Rather than "ping", try "traceroute"

Traceroute sends probing packets similar to "ping", but it plays another trick 
with the time-to-live field: The first probe is sent with ttl=1, the next with 
ttl=2, etc. Traceroute does not use the ICMP echo request datagrams, because 
ICMP datagrams that count their ttl down to zero are just discarded, while if a 
non-icmp datagram expires its TTL, the router where this happens is supposed to 
send back a notification, another kind of ICMP. In this way, traceroute 
triggers responses from each router along the path to the target.  That allows 
you to see where the problem arises. 

A last reason why the connectivity is not there may be firewalls.
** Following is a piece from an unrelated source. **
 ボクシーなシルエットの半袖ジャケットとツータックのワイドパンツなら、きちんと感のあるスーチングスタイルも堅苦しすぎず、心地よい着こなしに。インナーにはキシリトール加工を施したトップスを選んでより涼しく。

Notice that 
nowadays many computers are configured to not respond to ping or traceroute, 
and most firewalls stop traceroute probes.

> Would this 
> approach be useful to other people do you think? If it would, and I 
> could get some technical help with it, I would be prepared to produce 
> such a document. Would this be useful?

Certainly.

There are a couple of network troubleshooting guides on the net, that you could 
try. The problem is that network configuration is very much a moving taqrget, 
so many old guides are useless.  The techiques I have used above are even 
worse, extremely old, but, ironically, by being so old they are so basic that 
they do not get out of fashion.  What these commands can pinpoint is, if the 
connectivity is there, if the network card is configured somehow, etc. If not, 
it does not say why not. All modern distributions have sophisticated program 
suites that pass bits of information around, notifying eachother of 
plug-and-play cards coming up and going away, roaming wirless connections, etc. 
Their components are generally poorly documented, described in a way that you 
must already know (almost) everything to understand it.  For each piece there 
may be two or three obsolete alternatives, and it is almost impossible to 
figure out which ones to read more about.
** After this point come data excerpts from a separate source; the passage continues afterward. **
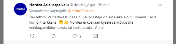 Nordean asiakaspalvelu vastasi perjantaina Rostedtin viestiin ja muistutti, että pankki ei koskaan kysele sähköpostilla verkkopankkitunnuksia tai korttitietoja.
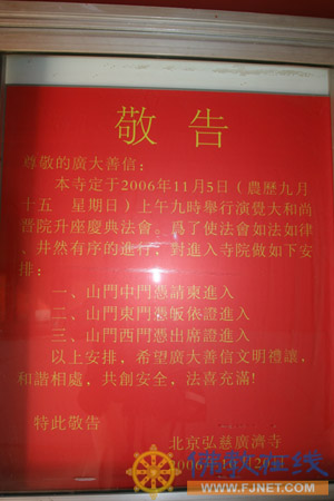 北京广济寺将于2006年11月5日(农历九月十五)上午九时举行演觉法师晋院升座庆典法会。
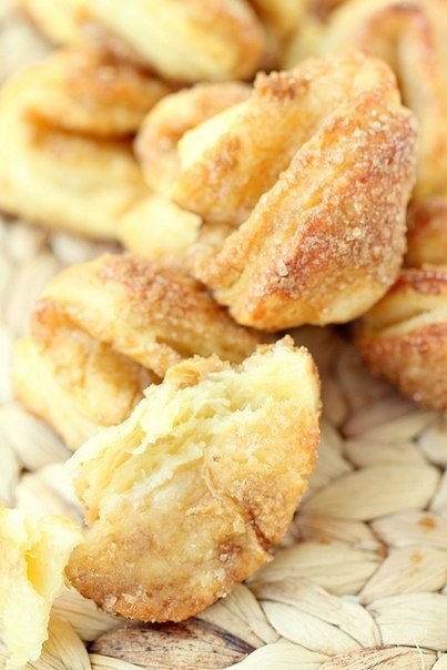 4. Насыпать в мисочку сахар и макать в него кружки теста. Затем сложить кружок пополам (сахаром внутрь). Еще раз сложить полукруг пополам и снова макнуть верхней стороной в сахар.
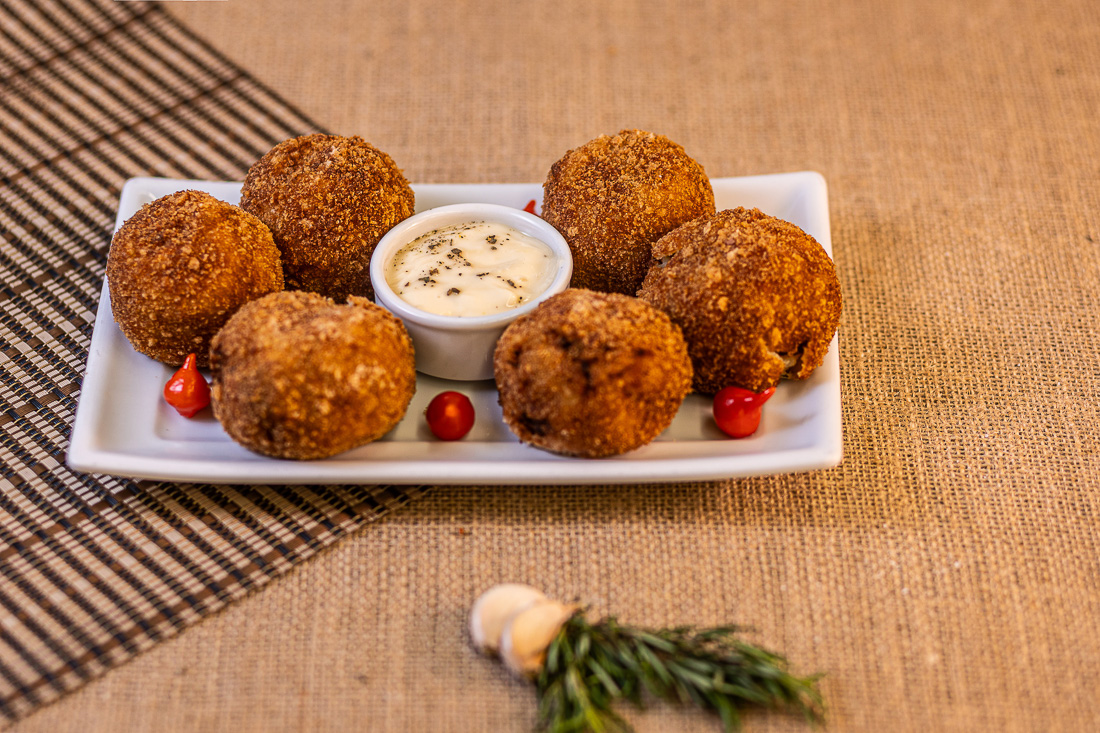 Bolinho de guisado e queijo, empanados com batata-doce. Acompanha maionese da casa.

Anyone who tracks down how a caching DNS server like pdnsd gets its 
notifications when a roaming wireless gets connected, and describes it in an 
intelligible language will be doing the community a big favor - until the whole 
thing changes again in three months. (Actually I think the moment is a good 
one. Precisely the plug-and-play nature of modern computer is what has caused 
most of the dramatic changes, but I tend to think it must be settling a bit 
now. Describe it, and I give it four months and a half :).

But that brings up the question: Why an old version of debian on a new 
installation?

Perhaps the most usefull thing would be a table of end-user configuration 
tools. What is the name of the conf tool du jour? Which are obsolete, when did 
they become that? What tools are incompatible or require tinkering to reconcile?